Data excerpts:
──────

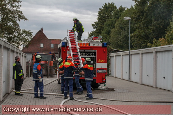 Unsere Jugend zeigte bei einem simulierten Garagenbrand ihr ganzes Können. Mit großem Engagement meisterten sie die durchaus nicht einfache Lage. Wasserversorgung aufbauen, Garage öffnen, Verletztenrettung waren die ersten Aufgaben, die es abzuarbeiten galt. Eine Einsatzlage wie sie auch im realen Feuerwehralltag immer wieder vorkommen kann. Eine sicherlich weitere Herausforderung war, das alles vor großem Publikum zu tun. Hierfür unser großer Respekt für die tolle Übung, die fehlerfrei und zügig absolviert wurde. Ein besonderer Dank gilt hierbei natürlich auch unseren Jugendwarten, die für solch einen guten Ausbildungsstand sorgen.
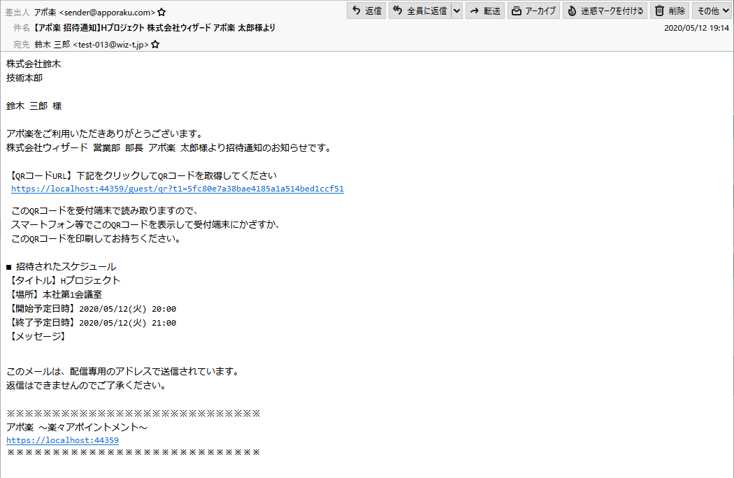 そこでacro-oneは、WebサイトからQRコードをメールでゲストへ発行し、ゲストはそのQRコードをスマートフォン上で表示して訪問先の受付に設置されたiPadへかざすと自動で担当者をメール・SMS(SMSは有料オプション)で呼び出す「アポ楽」を開発しました。この仕組みによりゲストは煩わしい受付票の記入と内線電話での担当者呼び出しから解放され、企業は訪問者の履歴を自動で保存されたデータベースから取り出す事が可能になります。また、「アポ楽」は、蓄積された訪問履歴から、一定の期間内の社員・ゲストの「接触者相関図」を分析・表示する事が出来ます。
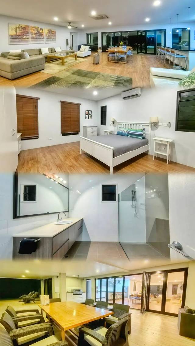 像我和几个小伙伴入住的这一栋,一共6个睡房(全部自带独立卫浴),客厅餐厅都大得无边无际,厨房用具一应俱全,开车到附近超市鱼市场买菜就能自己做大餐了!
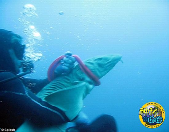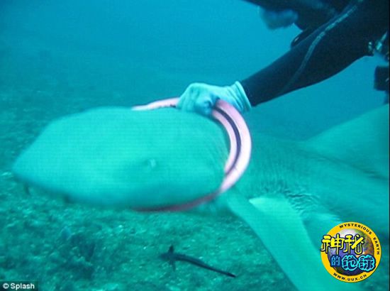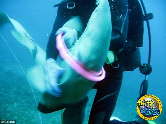 加伯尔抓住套在鲨鱼脖子上的飞盘。被套的鲨鱼看上去非常虚弱。
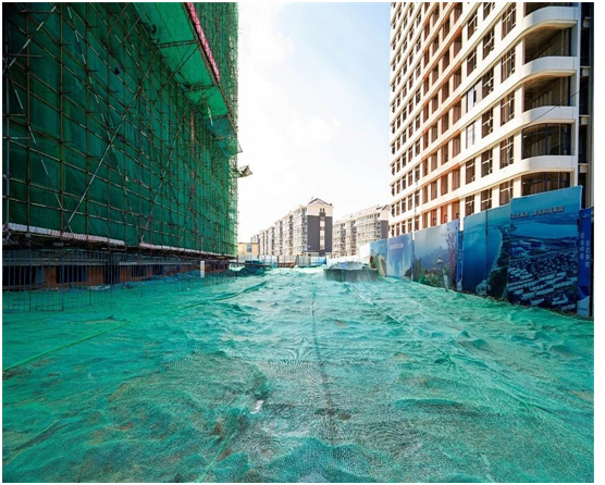 工地施工現(xiàn)場(chǎng)裸露區(qū)域百分之百綠網(wǎng)覆蓋,杜絕揚(yáng)塵。
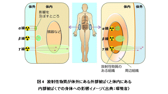 外部からα線により被ばくした場合、体表面の角質層で止まってしまいますので影響はありません。β線は皮膚を透過しますので、線量の高い場合は皮膚が火傷したようになりますが体の深いところまでは到達しません。外部被ばくで問題になるのは主にγ線であり、またγ線を出す放射性物質です。
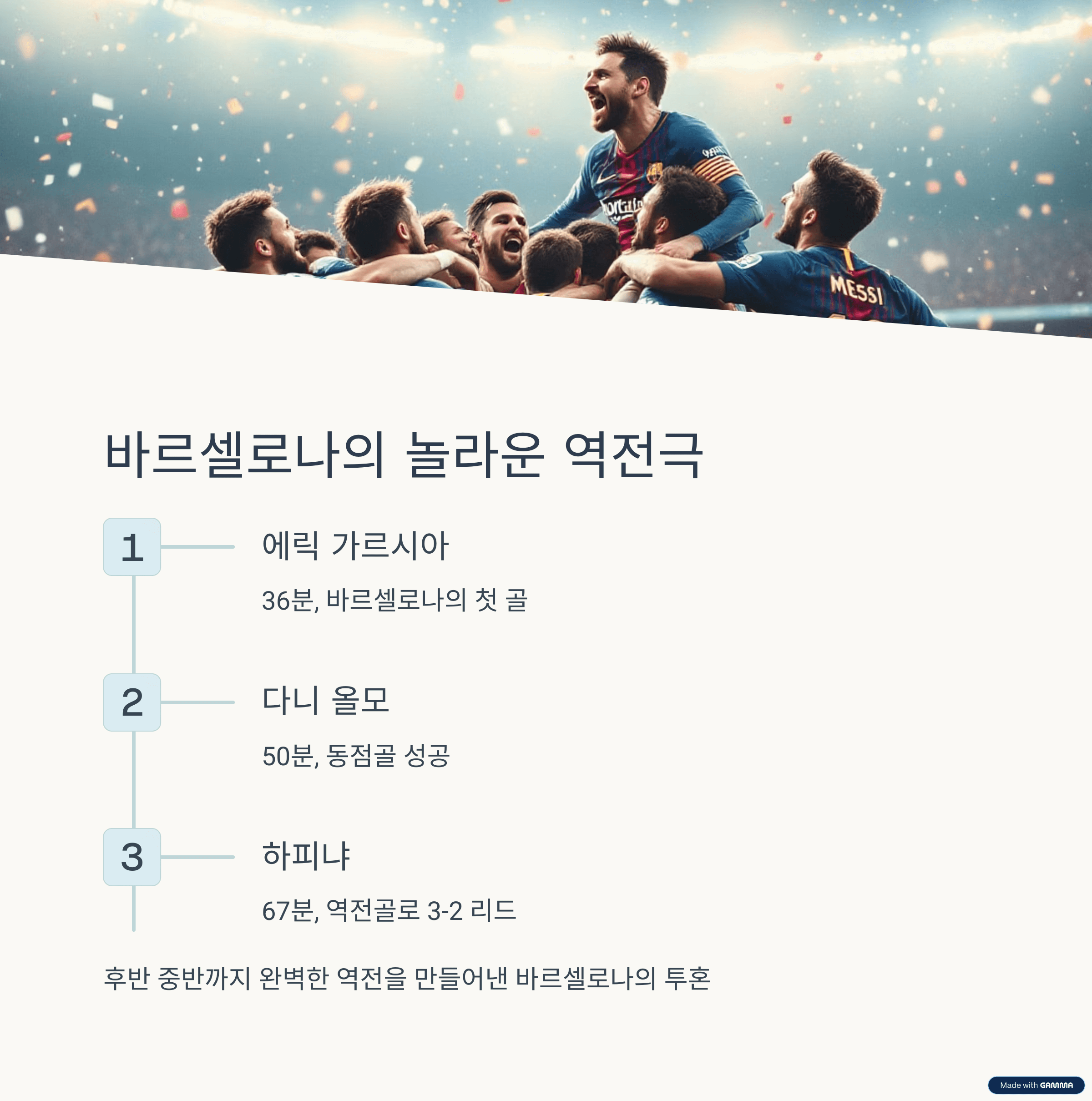 - 바르셀로나의 후반 연속 3골로 역전극 연출
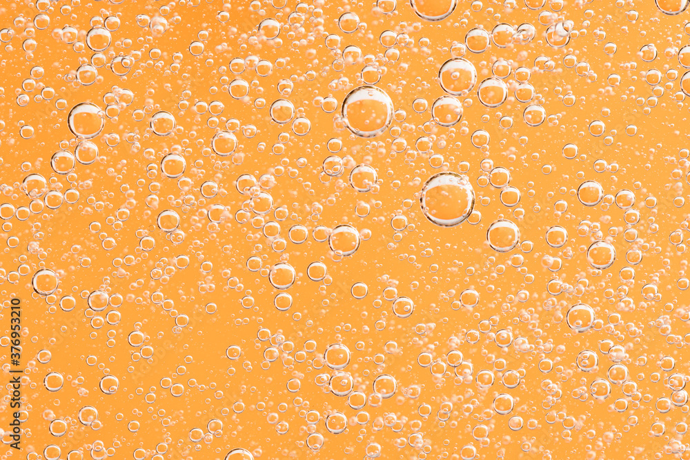 Yellow and orange bubbles, drops of oil in water, olive oil for cooking background.
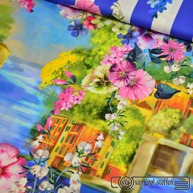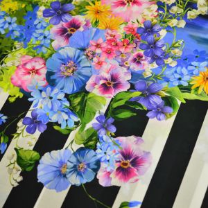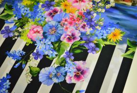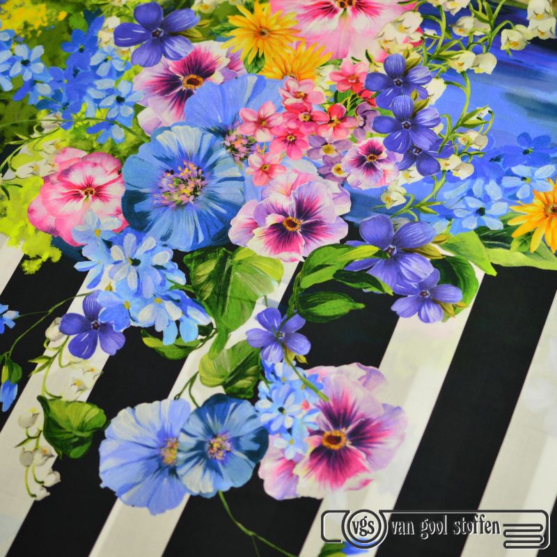 Panel haute couture italiaanse designer panel streep met bloemen katoen stretch1.30mtr x
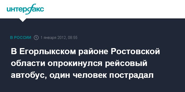 Ростов-на-Дону. 1 января. ИНТЕРФАКС-ЮГ - Автобус, выполнявший рейс Ростов - Ставрополь, опрокинулся примерно в 80-ти км от Ростова-на-Дону, сообщили агентству "Интерфакс - Юг" в правоохранительных органах.
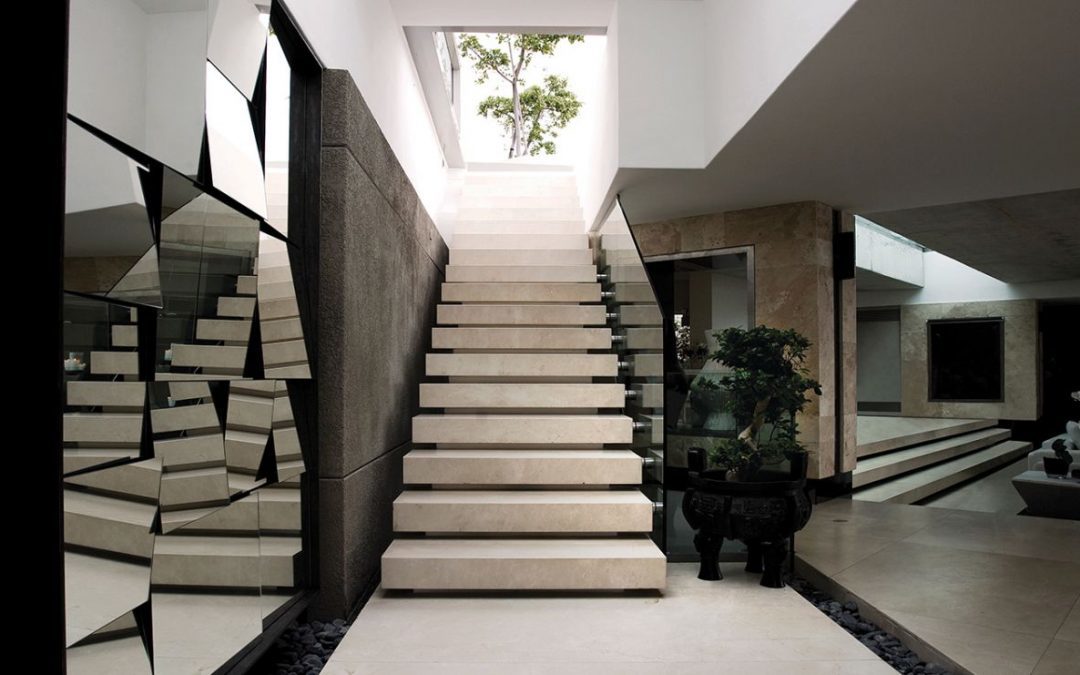 The title of BLACK RAIN derives from the image of a winter’s rain where torrents of rainfall at an angle driven by harsh winds; grey tinted mirror conjures dramatic wintry days. The panes of mirror are raked and angular, their reflection distorted by the varying surface levels.
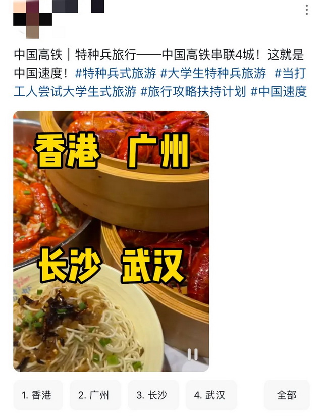 在抖音上,旅游可以不用“出片”也不用很精致,但必须要“快”。前文提到的“特种兵旅游”已经满足不了现在的网友,“24小时游4城”成了博主们的新选题,有博主“24小时吃遍香港、广州、武汉、长沙”,也有博主“24小时极限打卡成都、贵阳、重庆、贵州”。
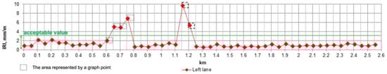 The calculated IRI (Figure 10) represents the equality of the 50 m-long measurement section []. The detailed methodology of calculating the IRI is described in [,,,]. The binding regulations require that, for this class, none of the IRI values should be higher than 3.4 mm/m [].
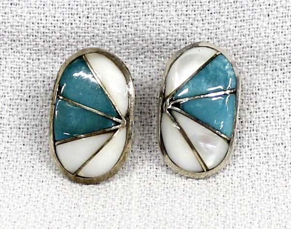 Native American Zuni Sterling Silver Inlay Turquoise and Mother of Pearl Earrings, measure .5'' x .75''

──────

Return every entry exactly, dropping the pictures.

◆ **Answer section**
 Unsere Jugend zeigte bei einem simulierten Garagenbrand ihr ganzes Können. Mit großem Engagement meisterten sie die durchaus nicht einfache Lage. Wasserversorgung aufbauen, Garage öffnen, Verletztenrettung waren die ersten Aufgaben, die es abzuarbeiten galt. Eine Einsatzlage wie sie auch im realen Feuerwehralltag immer wieder vorkommen kann. Eine sicherlich weitere Herausforderung war, das alles vor großem Publikum zu tun. Hierfür unser großer Respekt für die tolle Übung, die fehlerfrei und zügig absolviert wurde. Ein besonderer Dank gilt hierbei natürlich auch unseren Jugendwarten, die für solch einen guten Ausbildungsstand sorgen.
 そこでacro-oneは、WebサイトからQRコードをメールでゲストへ発行し、ゲストはそのQRコードをスマートフォン上で表示して訪問先の受付に設置されたiPadへかざすと自動で担当者をメール・SMS(SMSは有料オプション)で呼び出す「アポ楽」を開発しました。この仕組みによりゲストは煩わしい受付票の記入と内線電話での担当者呼び出しから解放され、企業は訪問者の履歴を自動で保存されたデータベースから取り出す事が可能になります。また、「アポ楽」は、蓄積された訪問履歴から、一定の期間内の社員・ゲストの「接触者相関図」を分析・表示する事が出来ます。
 像我和几个小伙伴入住的这一栋,一共6个睡房(全部自带独立卫浴),客厅餐厅都大得无边无际,厨房用具一应俱全,开车到附近超市鱼市场买菜就能自己做大餐了!
 加伯尔抓住套在鲨鱼脖子上的飞盘。被套的鲨鱼看上去非常虚弱。
 工地施工現(xiàn)場(chǎng)裸露區(qū)域百分之百綠網(wǎng)覆蓋,杜絕揚(yáng)塵。
 外部からα線により被ばくした場合、体表面の角質層で止まってしまいますので影響はありません。β線は皮膚を透過しますので、線量の高い場合は皮膚が火傷したようになりますが体の深いところまでは到達しません。外部被ばくで問題になるのは主にγ線であり、またγ線を出す放射性物質です。
 - 바르셀로나의 후반 연속 3골로 역전극 연출
 Yellow and orange bubbles, drops of oil in water, olive oil for cooking background.
 Panel haute couture italiaanse designer panel streep met bloemen katoen stretch1.30mtr x
 Ростов-на-Дону. 1 января. ИНТЕРФАКС-ЮГ - Автобус, выполнявший рейс Ростов - Ставрополь, опрокинулся примерно в 80-ти км от Ростова-на-Дону, сообщили агентству "Интерфакс - Юг" в правоохранительных органах.
 The title of BLACK RAIN derives from the image of a winter’s rain where torrents of rainfall at an angle driven by harsh winds; grey tinted mirror conjures dramatic wintry days. The panes of mirror are raked and angular, their reflection distorted by the varying surface levels.
 在抖音上,旅游可以不用“出片”也不用很精致,但必须要“快”。前文提到的“特种兵旅游”已经满足不了现在的网友,“24小时游4城”成了博主们的新选题,有博主“24小时吃遍香港、广州、武汉、长沙”,也有博主“24小时极限打卡成都、贵阳、重庆、贵州”。
 The calculated IRI (Figure 10) represents the equality of the 50 m-long measurement section []. The detailed methodology of calculating the IRI is described in [,,,]. The binding regulations require that, for this class, none of the IRI values should be higher than 3.4 mm/m [].
 Native American Zuni Sterling Silver Inlay Turquoise and Mother of Pearl Earrings, measure .5'' x .75''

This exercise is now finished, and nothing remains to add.